Chapter 5 Question (Sarah)
When things started to get worse for the Jews, some people cried but others thought that somehow everything would turn out okay. What thoughts would be going through your head if you were a Jew and noticed that the Germans were doing worse things?
Thursday, May 5, 2011
Chapter 4 Question
If you had the chance to leave and go to Russia would you, like that man who tried but didn't succeed. Also what would you do/think if there was speculation that your family may be sent to a ghetto.
Wednesday, May 4, 2011
Chapter 3 Question (Steph)
On page 38, the mayor of Warsaw is described, "He was disheveled and unshaven, and his face wore an expression of deathly weariness.
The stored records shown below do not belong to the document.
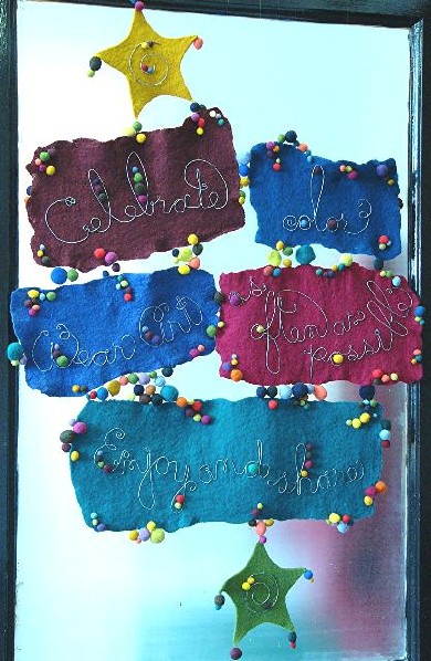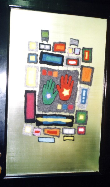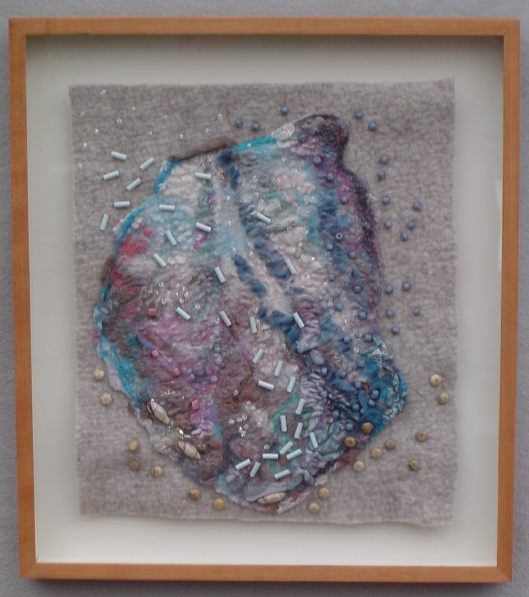 The shaped piece is strip-felted, i.e. strips of cloth freely interwoven with fleece and wet-felted. I made it in a class with Polly Stirling. It is mounted on a sheet of handmade felt and beaded. I made two pieces for the door to my studio. The one on the left, the first, was bought by a massage therapist.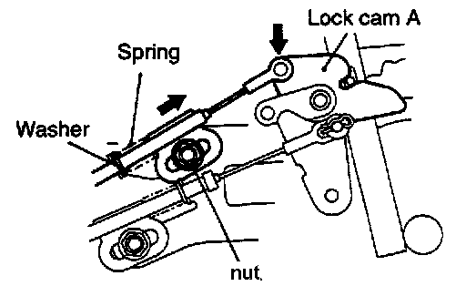 5. Connect the shift lock cable to lock cam B and temporarily tighten the nut. At this time, install the spring and washer, which have been fitted to the shift lock cable, as shown.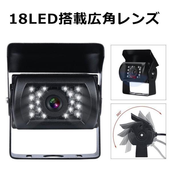 12V/24V対応バックカメラ LED 18発 乗用車、トラック、バス、重機等対応 バックモニター用カメラ ガイドライン無し bk500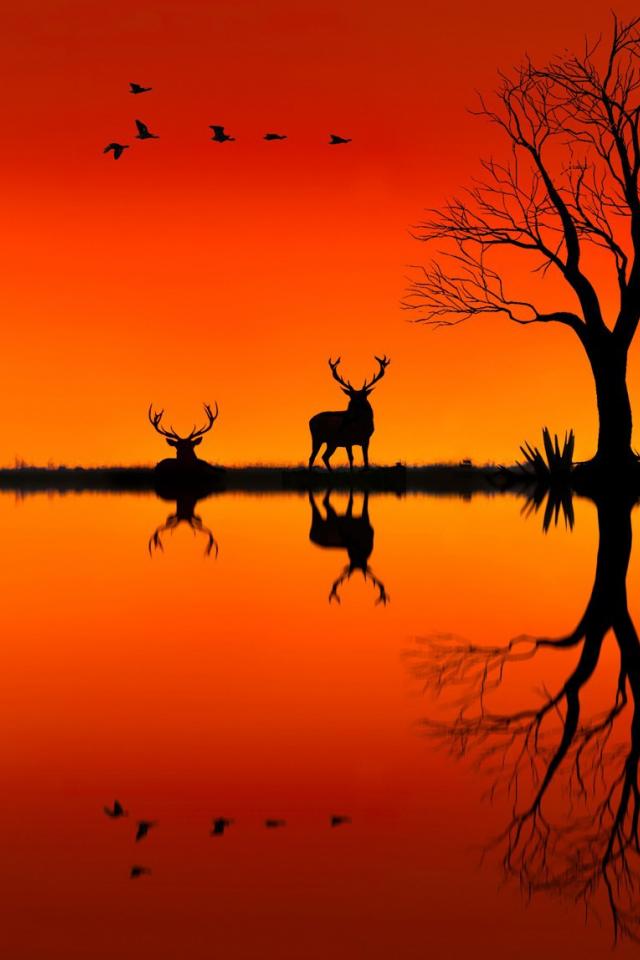 Обои Силуэты оленей на оранжевом фоне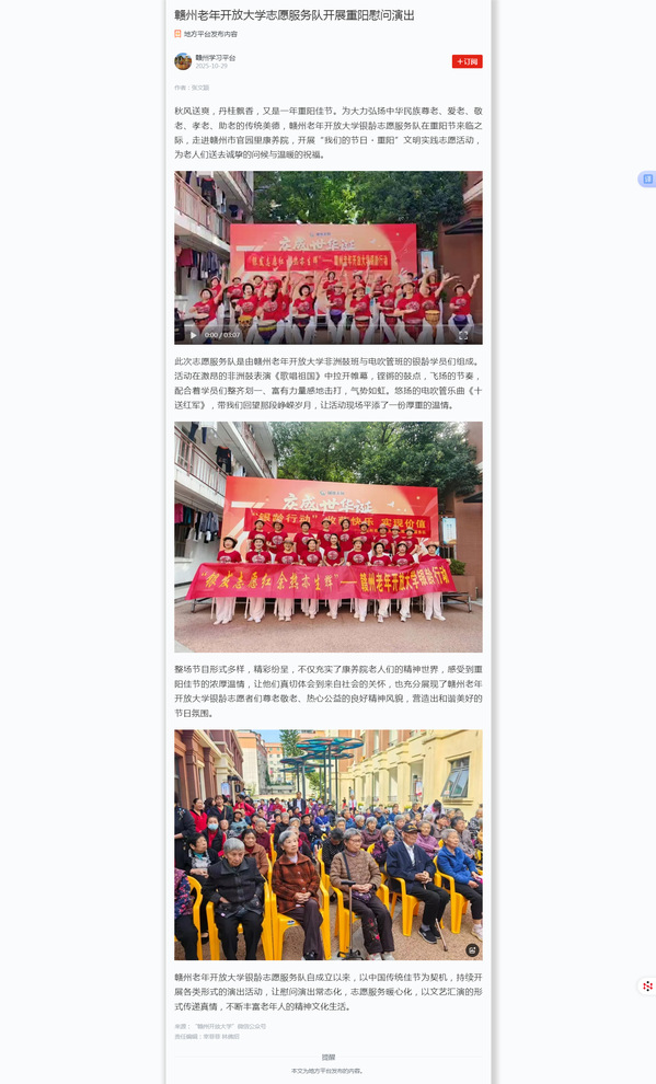 秋风送爽,丹桂飘香,又是一年重阳佳节。为大力弘扬中华民族尊老、爱老、敬老、孝老、助老的传统美德,赣州老年开放大学银龄志愿服务队在重阳节来临之际,走进赣州市官园里康养院,开展“我们的节日・重阳”文明实践志愿活动,为老人们送去诚挚的问候与温暖的祝福。

He hadn't slept for days. He was the heart and soul of the defense, the real hero o the city." Put yourself in his situation, would you be as helpful as him, or run away to defend your yourself? How would you react; the same? Differently?
Tuesday, May 3, 2011
Chapter 2 Question (Sarah)
When Wladyslaw Szpilman and the others in his town first heard about the Germans attacking, they went on with their everyday lives normally. When he was also told that the Germans were advancing on Warsaw, he decided to stay at his house and not leave to try and find a safer place. If you were in this position would you have reacted the same way as Szpilman and the others in his town? In what ways would you have reacted differently?
Monday, May 2, 2011
Chapter 1 Question
If you and your family were stuck in a "ghetto" do you think you would be as positive as Wladyslaw Szpilman and find a job to keep busy.. ect? Also what kind of affect on you physically and mentally do you living in the ghetto would create?
Chapter 1 Synopsis
Wladyslaw Szpilman had a hard life during the war, his family sold everything they had even their piano. Szpilman managed to get a job at the Cafe Nowoczena which was very close to the warsaw ghetto. In the evenings people would smuggle things over the wall of the ghetto, such as bread and other things needed for survival. Children often were the ones to go out and smuggle food for their family, and szpilman talks about how he tried to save a boy that was stuck underneath the wall trying to crawl through, he pulled the boy but he could hear the german on the other side beating the boy; the boy went limp as the german broke his spine. Szpilman was often very lucky because where he worked often had many rich people in it, which means he often got to eat good food and make good money. Four months later he moved on to another cafe, he played the piano once again but this time with another man. Winter soon came after and winter in the ghetto was terrible, there was disease and lice everywhere and an epidemic broke out within the ghetto. Five thousand people died every month and the germans arrested the doctor because they didnt care. Szpilman didnt have himself vaccinated because he didnt have the money for him or his family, and he had to see all the people laying in the streets on his way home from work who had died of thyphus and starvation. The children in the ghetto had terrible lives the emerged from basements, alleys, and doorways where they slept where they never knew what the next day would bring them. Szpilmans life begins to change and he has to live with many things that we would never imagine, life in the ghetto gets harder and as they say at the end of chapter one "It turned his heart to stone".